Data entries:

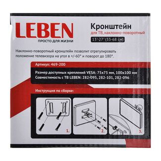 - Кронштейн для ТВ 13"-27" наклонно-поворотный LEBEN, до 15 кг, металл по выгодной цене 795 р. руб.;
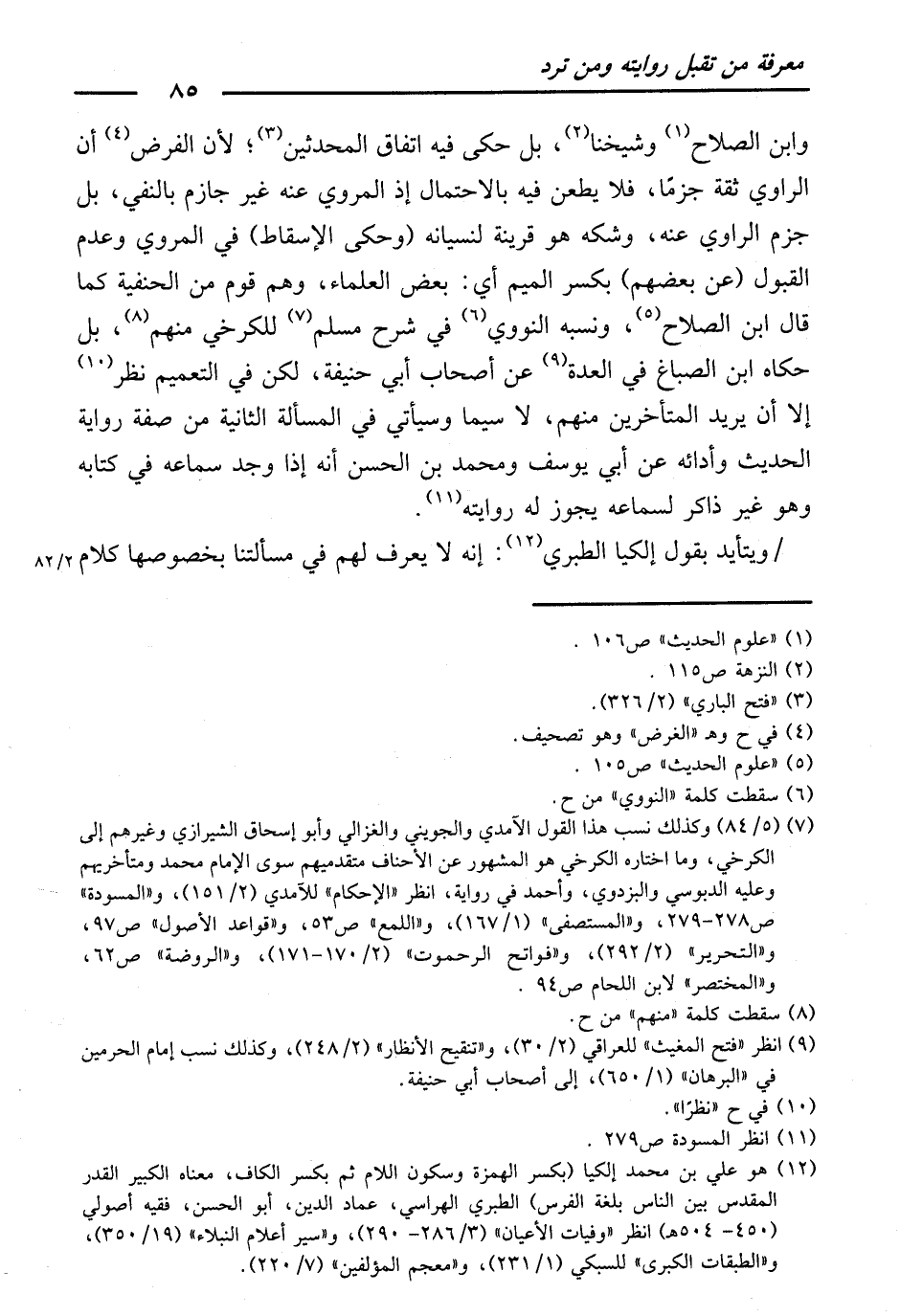 وَابْنُ الصَّلَاحِ وَشَيْخُنَا، بَلْ حَكَى فِيهِ اتِّفَاقَ الْمُحَدِّثِينَ ; لِأَنَّ الْفَرْضَ أَنَّ الرَّاوِيَ ثِقَةٌ جَزْمًا، فَلَا يُطْعَنُ فِيهِ بِالِاحْتِمَالِ ; إِذِ الْمَرْوِيُّ عَنْهُ غَيْرُ جَازِمٍ بِالنَّفْيِ، بَلْ جَزْمُ الرَّاوِي عَنْهُ وَشَكُّهُ هُوَ قَرِينَةٌ لِنِسْيَانِهِ (وَحُكِيَ الْإِسْقَاطُ) فِي الْمَرْوِيِّ وَعَدَمُ الْقَبُولِ (عَنْ بَعْضِهِمِ) بِكَسْرِ الْمِيمِ ; أَيْ: بَعْضِ الْعُلَمَاءِ، وَهُمْ قَوْمٌ مِنَ الْحَنَفِيَّةِ كَمَا قَالَ ابْنُ الصَّلَاحِ، وَنَسَبَهُ النَّوَوِيُّ فِي شَرْحِ مُسْلِمٍ لِلْكَرْخِيِّ مِنْهُمْ، بَلْ حَكَاهُ ابْنُ الصَّبَّاغِ فِي الْعُدَّةِ عَنْ أَصْحَابِ أَبِي حَنِيفَةَ، لَكِنْ فِي التَّعْمِيمِ نَظَرٌ، إِلَّا أَنْ يُرِيدَ الْمُتَأَخِّرِينَ مِنْهُمْ، لَا سِيَّمَا وَسَيَأْتِي فِي الْمَسْأَلَةِ الثَّانِيَةِ مِنْ صِفَةِ رِوَايَةِ الْحَدِيثِ وَأَدَائِهِ عَنْ أَبِي يُوسُفَ وَمُحَمَّدِ بْنِ الْحَسَنِ أَنَّهُ إِذَا وُجِدَ سَمَاعُهُ فِي كِتَابِهِ وَهُوَ غَيْرُ ذَاكِرٍ لِسَمَاعِهِ يَجُوزُ لَهُ رِوَايَتُهُ.
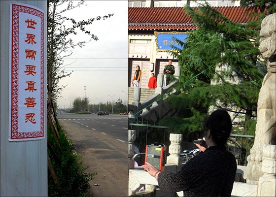河北张家口市怀来县街头的真相展板;山东蒙阴民众在集市上看法轮功真相资料;湖北省荆州地区某乡村出现真相展板
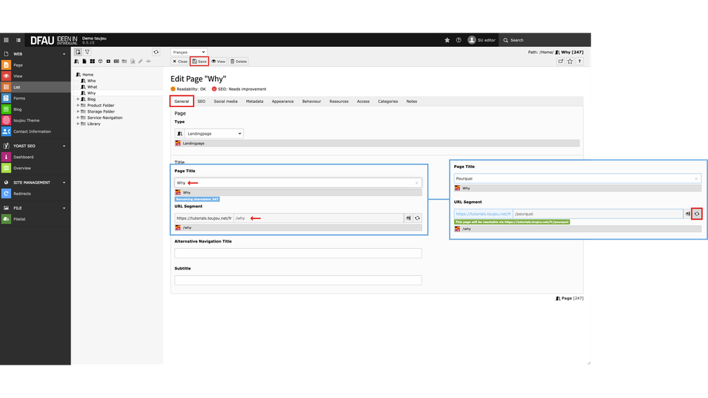 - For more information on editing the URL segment, please refer the tutorial on page properties.
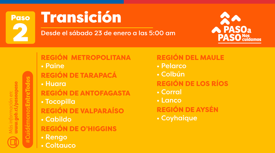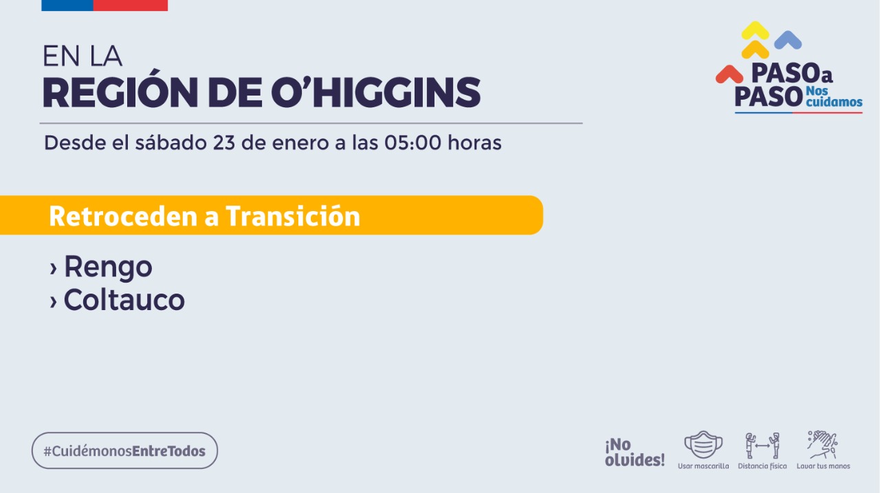 El Ministerio de Salud, informó que a partir de este sábado 23 de enero a las 05:00 horas, las comunas de Rengo y Coltauco retrocederán a Transición, es decir, al paso 2 del Plan Paso a Paso, con cuarentena los fines de semana y festivos.
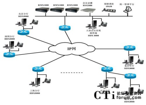 RMX1000作為多媒體多點處理單元,70臺HDX8006和HDX8002分布在全國各個分行作為視頻會議的接入,RSS2000服務(wù)器提供HD的會議錄制;65臺IP電話作為實時會議備份系統(tǒng);整個系統(tǒng)提供720P/60幀或1080P/30幀的會議畫面質(zhì)量,音頻達到22KHz寬帶音質(zhì),劇院級音質(zhì)享受,具備新一代高清雙流P
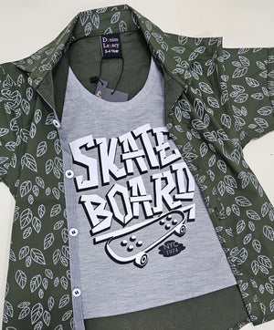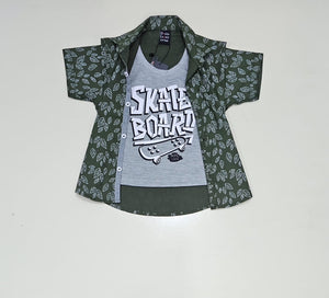 Boys Double shirt, Green print with inside grey printed tshirt.
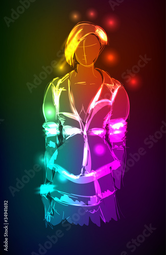 Hand-drawn fashion model from a neon. Vector illustration. A lig
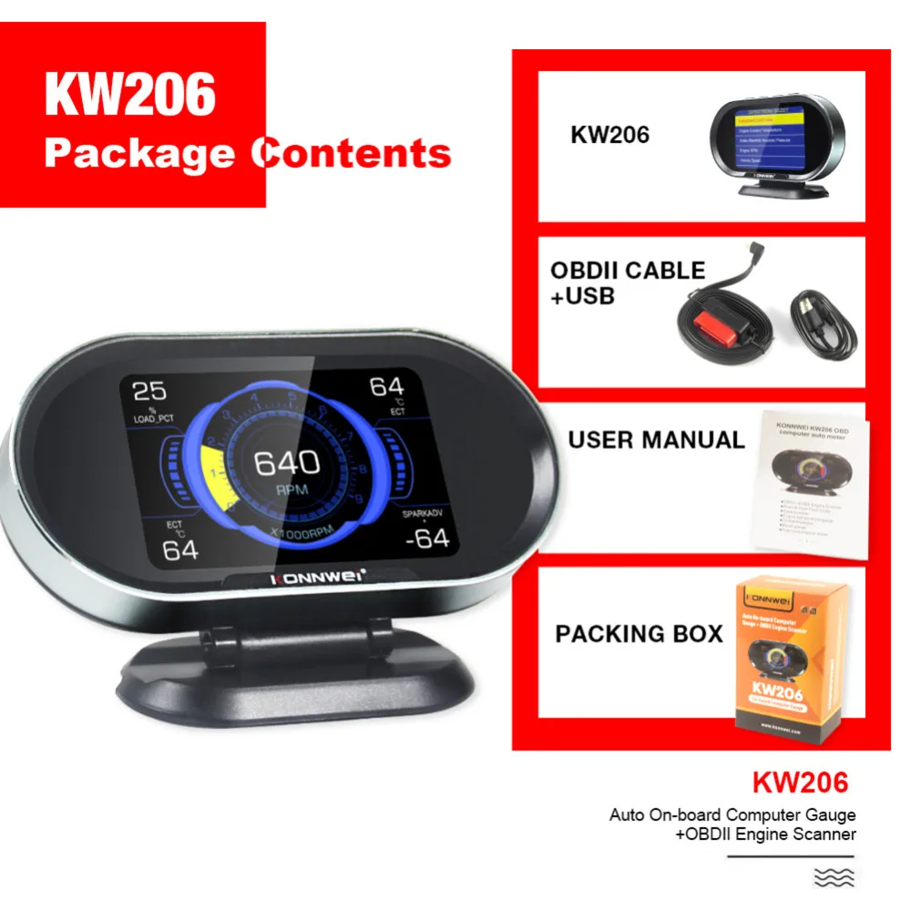 KONNWEI KW206 OBDII сканер штрих-код читателя неисправностей автомобиля сканирования + повязка для головы мобильного выставочного стенда с коробкой каналов кабельного телевидения Поддержка 5 Основные протоколы 2-в-1 12V авто-Стайлинг OBD2 автомобильный диагностический инструмент для ремонта автомобиля
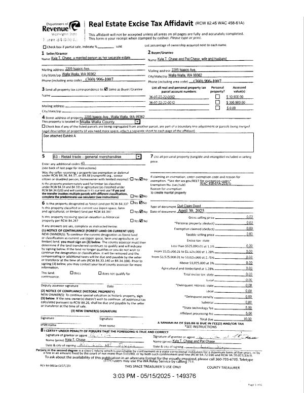 | 1 | 05/29/2025 | QCD | QUIT CLAIM DEED | CHASE KYLA T & PAT | SILA PROPERTIES LLC | | | | 149456 | 2025-03007 |
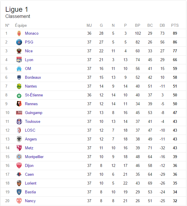 Tout en haut du classement, la course effrénée au titre en l’AS Monaco et le Paris Saint-Germain est presque pliée. Malgré la victoire des hommes d’Unai Emery sur le score fleuve de 0-5 au Stade Geoffroy Guichard contre l’ASSE, les monégasques restent devant au classement. Après leur large victoire contre le Lille OSC (4-0), les hommes de Léonardo Jardim comptent en effet 89 points, contre 86 points « seulement » pour les parisiens. Sans oublier le match en retard du club de la principauté, à disputer mercredi contre .. l’ASSE. En cas de victoire, l’ASM sera mathématiquement sacré champion de France 2016-2017.
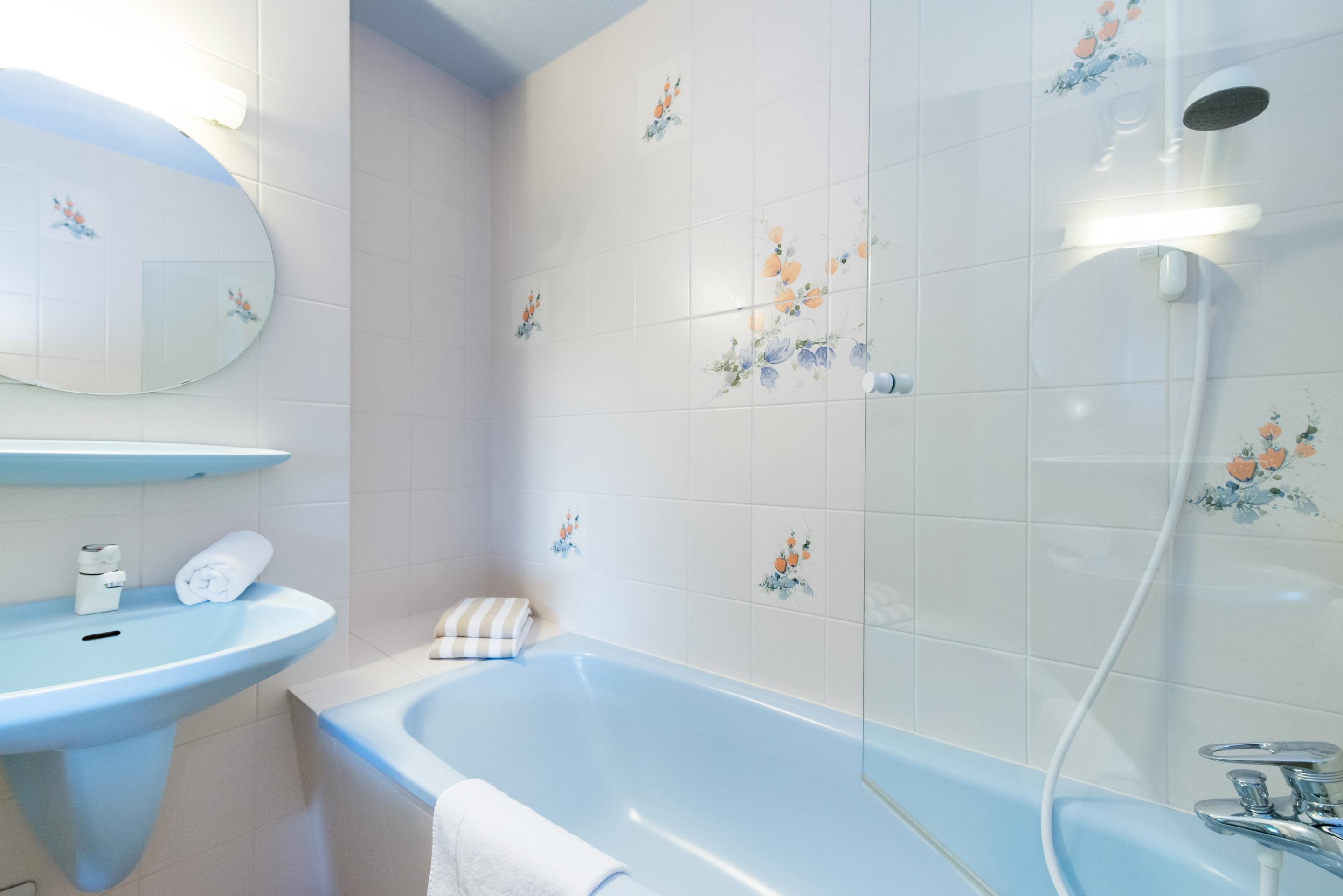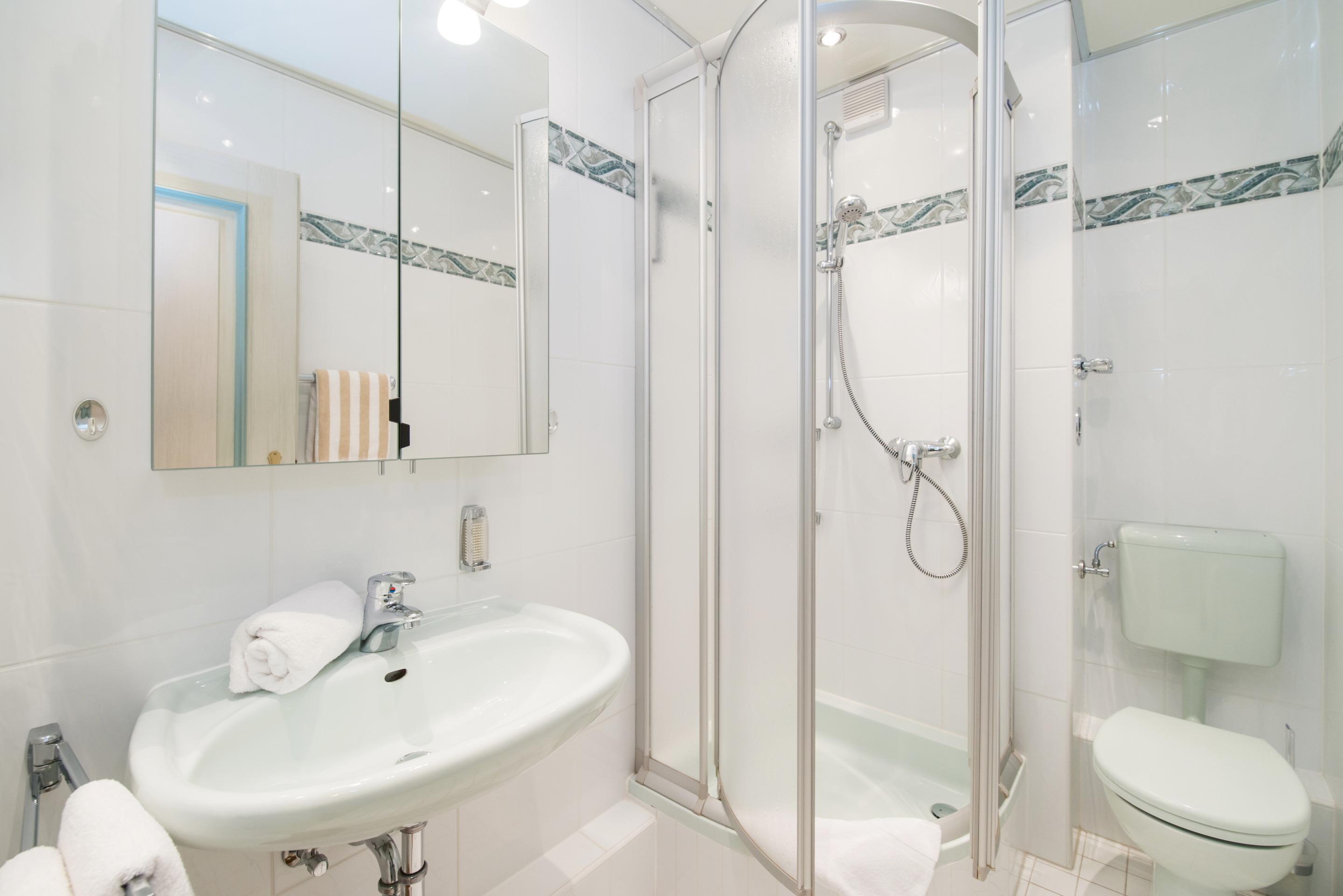 Im Bad befinden sich eine Dusche, ein WC und ein Waschtisch.
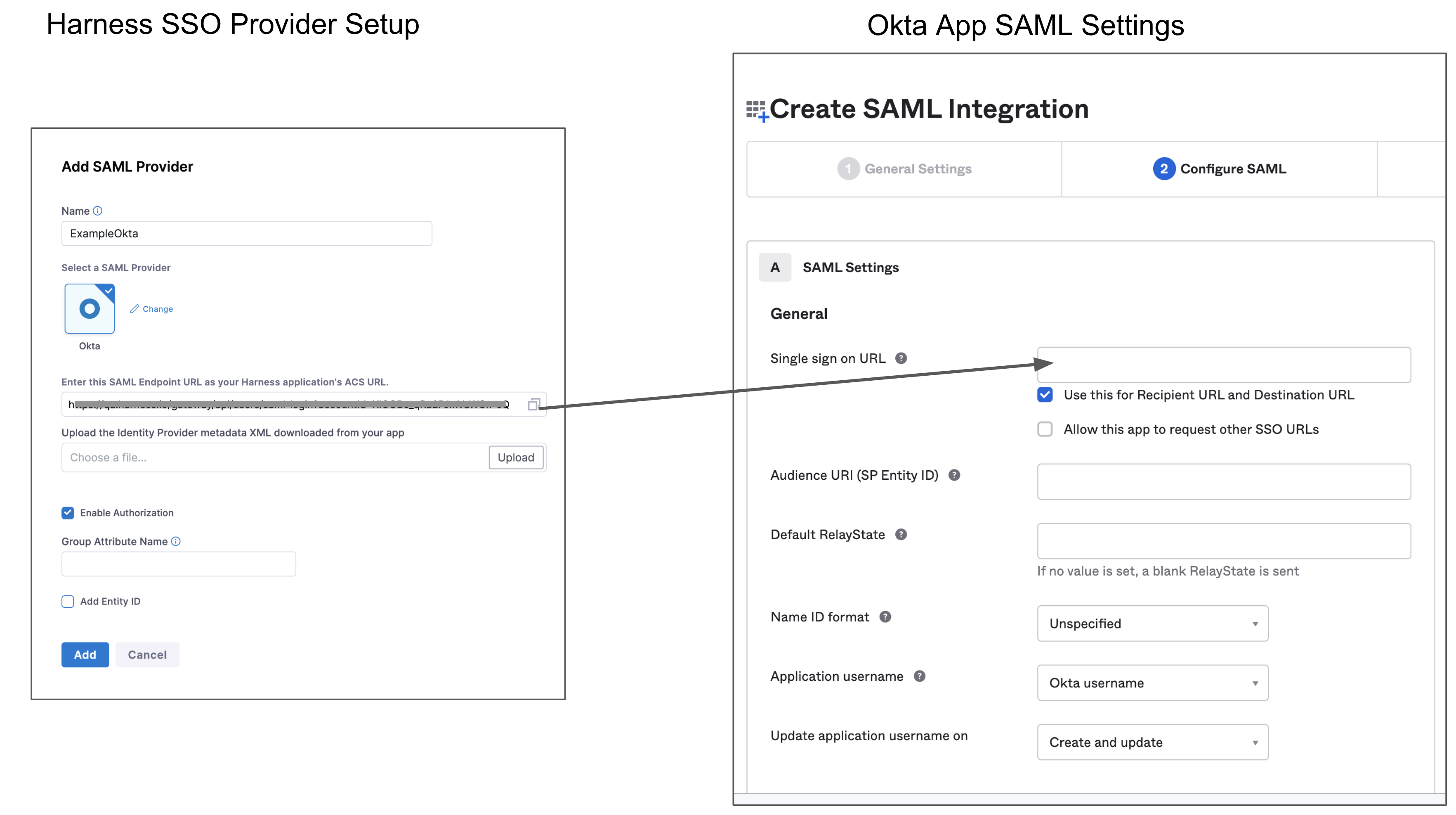 Copy the endpoint URL from Enter this SAML Endpoint URL as your Harness application's ACS URL. This is the URL you need to paste in the Single sign on URL field in Okta.
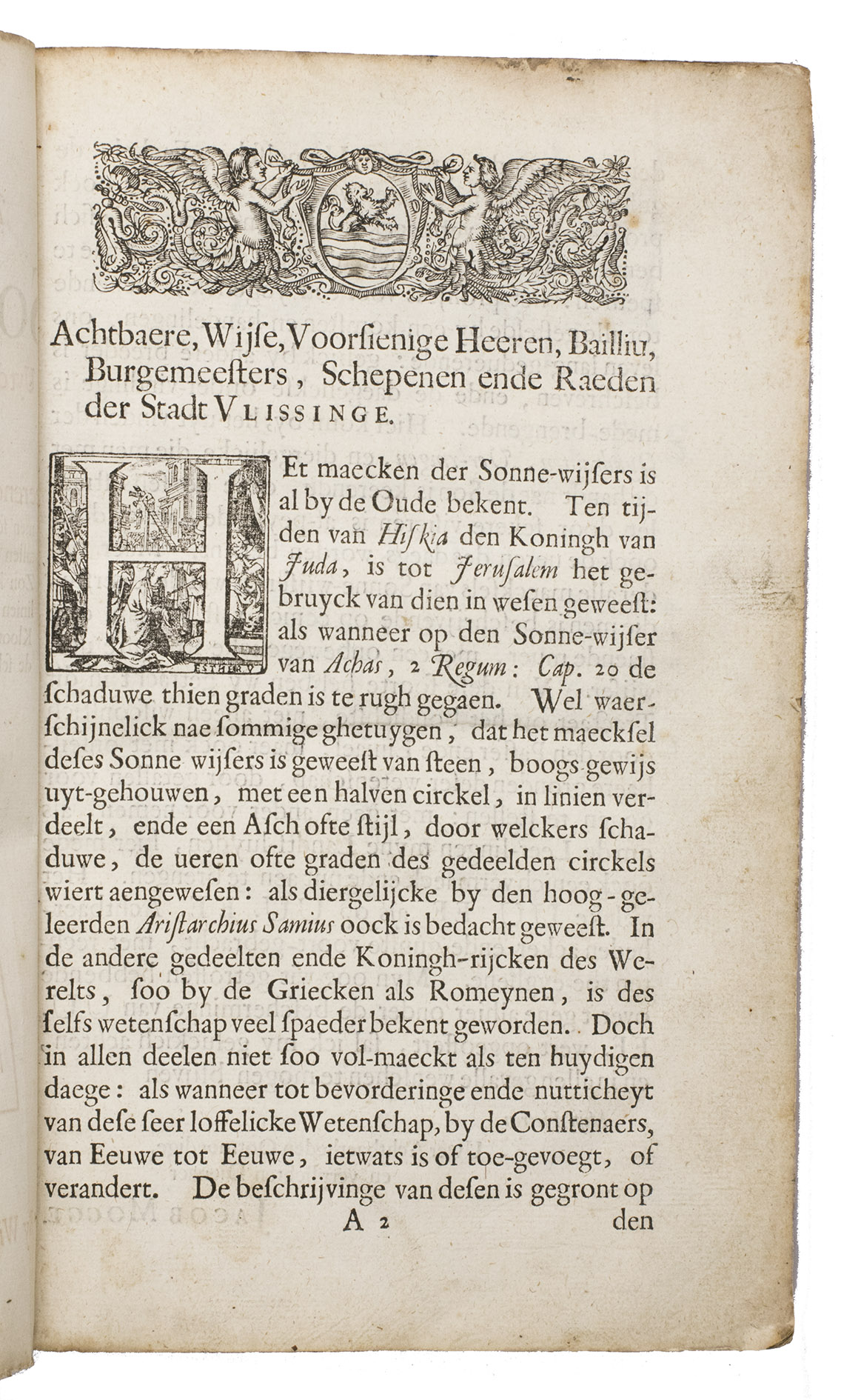 2 works in 1 volume. Small folio (28.5 x 18.5 cm). With both title-pages printed in red and black, about 150 woodcut diagrams in the text, including a wide variety of sundials, a woodcut headpiece with the Zeeland coat of arms (plus 2 repeats), and woodcut decorated initials. Early sheepskin parchment over paperboards. [1], [1 blank], [2], 108, [3], [1 blank]; [1], [1 blank], 54, [2] pp.

### Work instructions
While skipping the pictures, transcribe the data above from the line showing "河北张家口市怀来县街头的真相" through the line showing "KONNWEI KW206 OBDII", exactly and with both ends.

### Answer for this exercise
河北张家口市怀来县街头的真相展板;山东蒙阴民众在集市上看法轮功真相资料;湖北省荆州地区某乡村出现真相展板
 - For more information on editing the URL segment, please refer the tutorial on page properties.
 El Ministerio de Salud, informó que a partir de este sábado 23 de enero a las 05:00 horas, las comunas de Rengo y Coltauco retrocederán a Transición, es decir, al paso 2 del Plan Paso a Paso, con cuarentena los fines de semana y festivos.
 RMX1000作為多媒體多點處理單元,70臺HDX8006和HDX8002分布在全國各個分行作為視頻會議的接入,RSS2000服務(wù)器提供HD的會議錄制;65臺IP電話作為實時會議備份系統(tǒng);整個系統(tǒng)提供720P/60幀或1080P/30幀的會議畫面質(zhì)量,音頻達到22KHz寬帶音質(zhì),劇院級音質(zhì)享受,具備新一代高清雙流P
 Boys Double shirt, Green print with inside grey printed tshirt.
 Hand-drawn fashion model from a neon. Vector illustration. A lig
 KONNWEI KW206 OBDII сканер штрих-код читателя неисправностей автомобиля сканирования + повязка для головы мобильного выставочного стенда с коробкой каналов кабельного телевидения Поддержка 5 Основные протоколы 2-в-1 12V авто-Стайлинг OBD2 автомобильный диагностический инструмент для ремонта автомобиля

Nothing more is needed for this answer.